- **Material provided**:
****

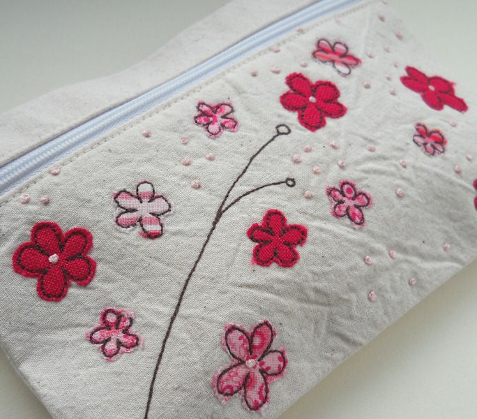 the cherry blossom is in pink printed cottons and pink linen. the fabrics are appliqued onto pre-washed calico, and the details drawn on with free machine embroidery. pale pink french knots dot the centre of flowers and the front of the purse.
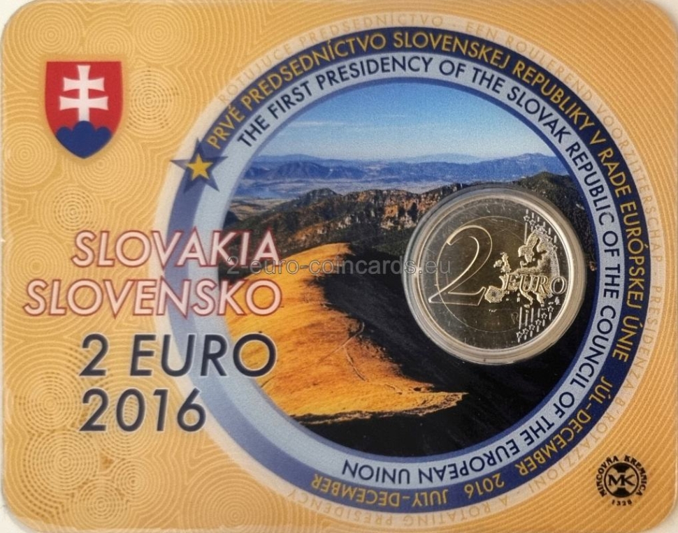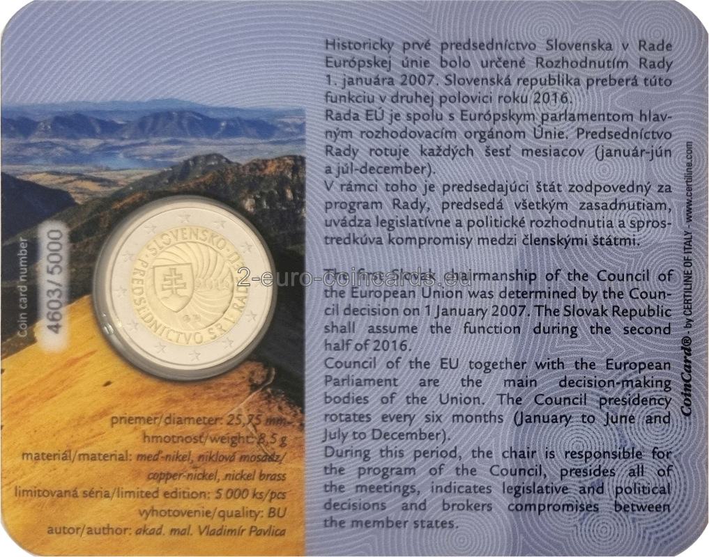 Dominantou vzoru je štátny znak Slovenskej republiky v strede na pozadí dynamických zbiehajúcich sa čiar predstavujúcich postavenie a význam Slovenskej republiky počas jej predsedníctva v Rade Európskej únie. Vpravo od štátneho znaku Slovenskej republiky je uvedený rok „2016“. Okolo okraja vnútorného kruhu je názov krajiny „SLOVENSKO“ a nápis „PREDSEDNÍCTVO SR V RADE EÚ“. Tieto dva nápisy sú od seba oddelené grafickými symbolmi. Značka mincovne v Kremnici, pozostávajúca z písmen „MK“ umiestnenými medzi dvoma razidlami, a štylizované písmená „VP“, iniciály autora mince, Vladimíra Pavlicu, sú umiestnené v dolnej časti.
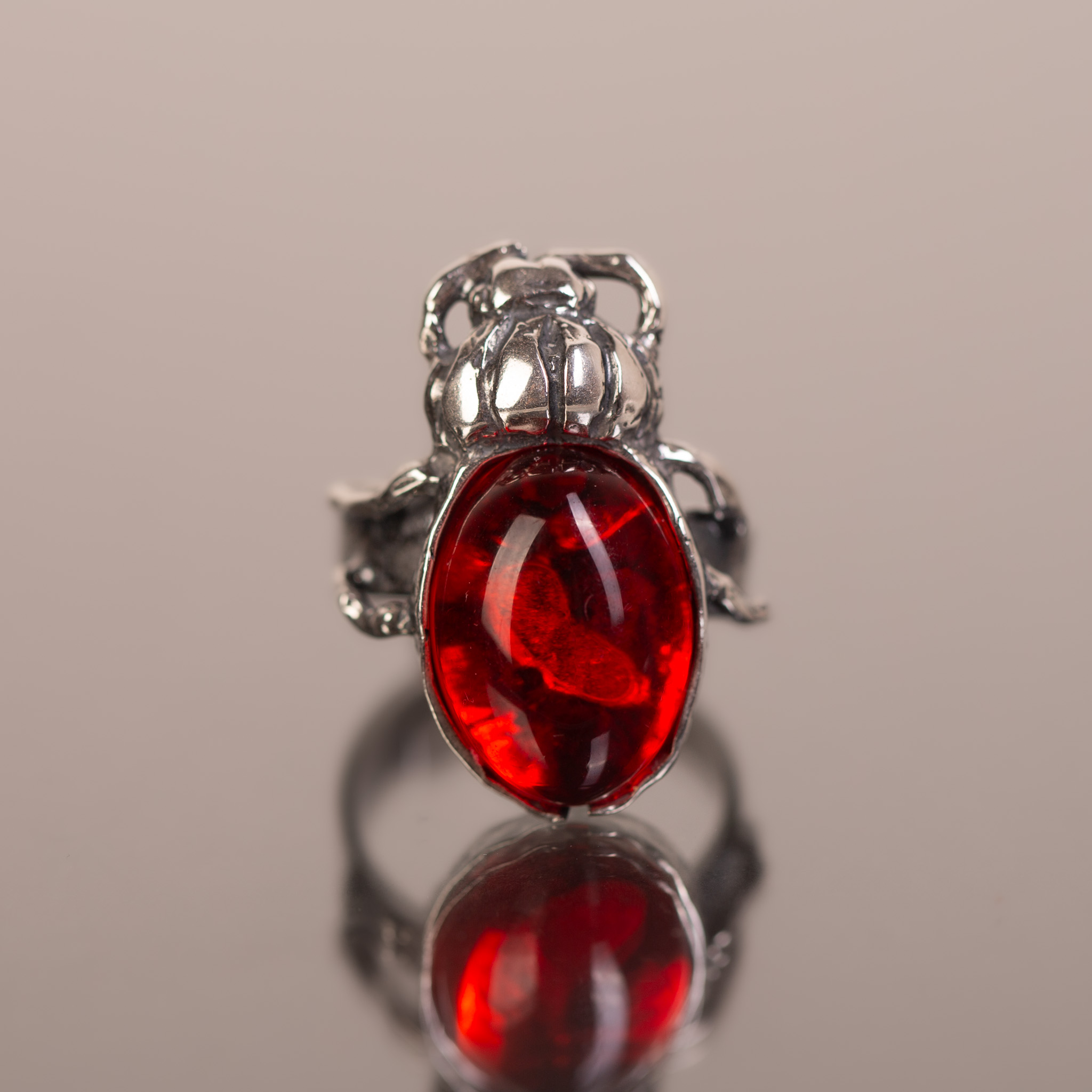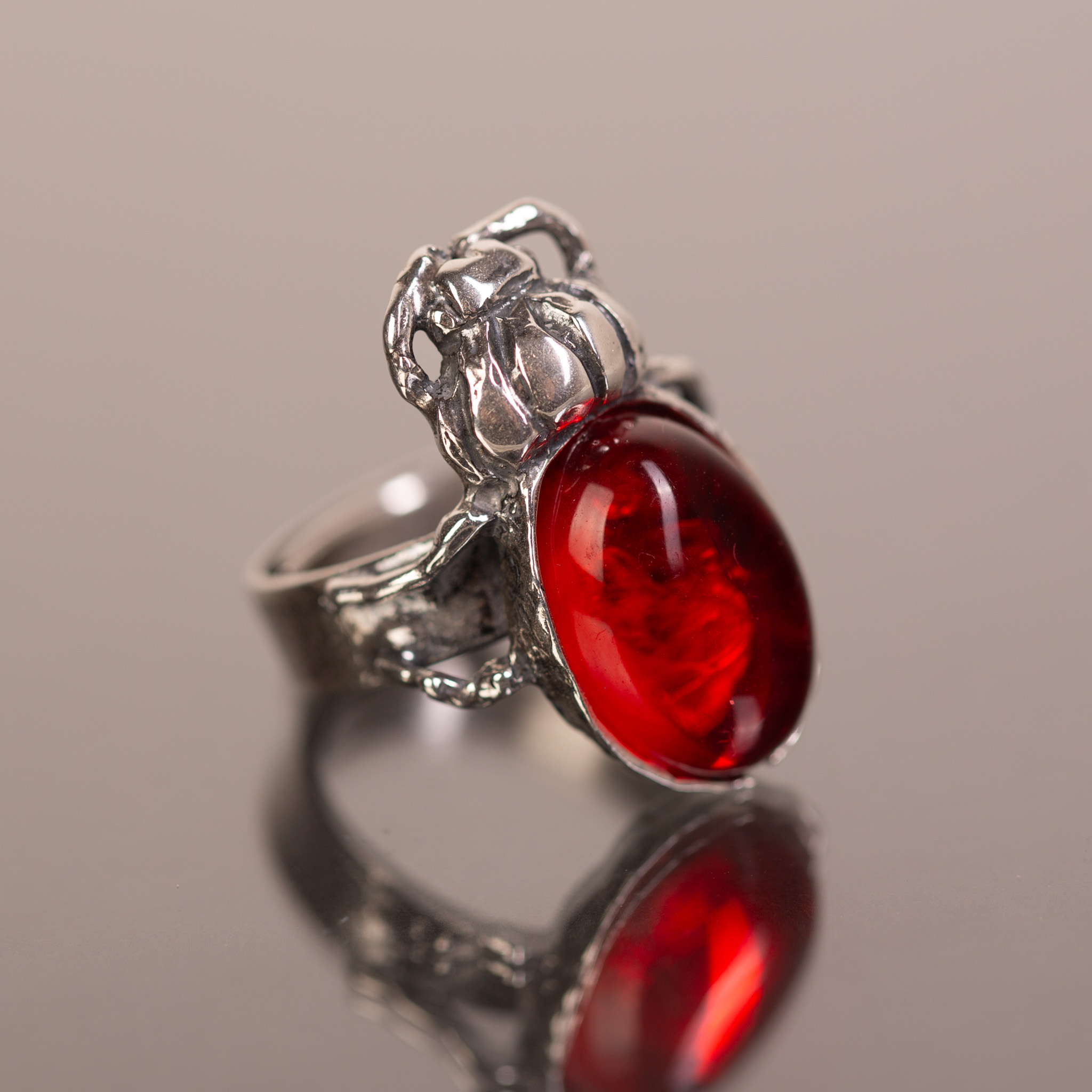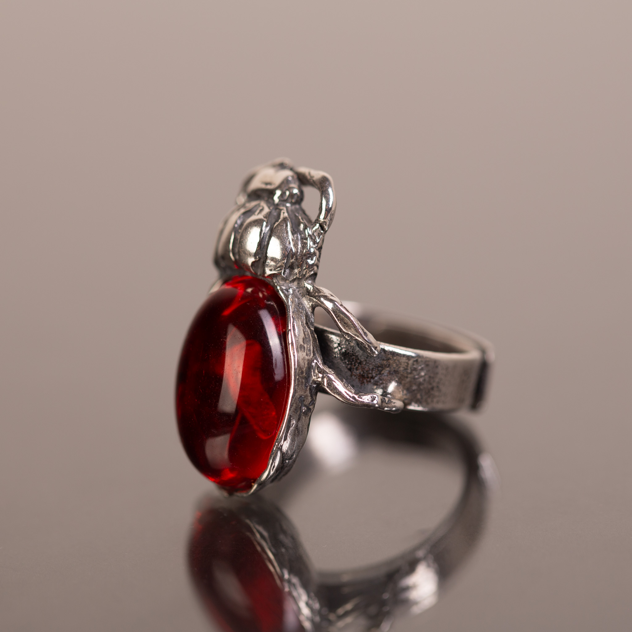 Ręcznie wykonany pierścionek „Rubinowy Żuk”

****

- **Aim of the task**:
Return the listing above unaltered, omitting its pictures.

- **Reply**:
 the cherry blossom is in pink printed cottons and pink linen. the fabrics are appliqued onto pre-washed calico, and the details drawn on with free machine embroidery. pale pink french knots dot the centre of flowers and the front of the purse.
 Dominantou vzoru je štátny znak Slovenskej republiky v strede na pozadí dynamických zbiehajúcich sa čiar predstavujúcich postavenie a význam Slovenskej republiky počas jej predsedníctva v Rade Európskej únie. Vpravo od štátneho znaku Slovenskej republiky je uvedený rok „2016“. Okolo okraja vnútorného kruhu je názov krajiny „SLOVENSKO“ a nápis „PREDSEDNÍCTVO SR V RADE EÚ“. Tieto dva nápisy sú od seba oddelené grafickými symbolmi. Značka mincovne v Kremnici, pozostávajúca z písmen „MK“ umiestnenými medzi dvoma razidlami, a štylizované písmená „VP“, iniciály autora mince, Vladimíra Pavlicu, sú umiestnené v dolnej časti.
 Ręcznie wykonany pierścionek „Rubinowy Żuk”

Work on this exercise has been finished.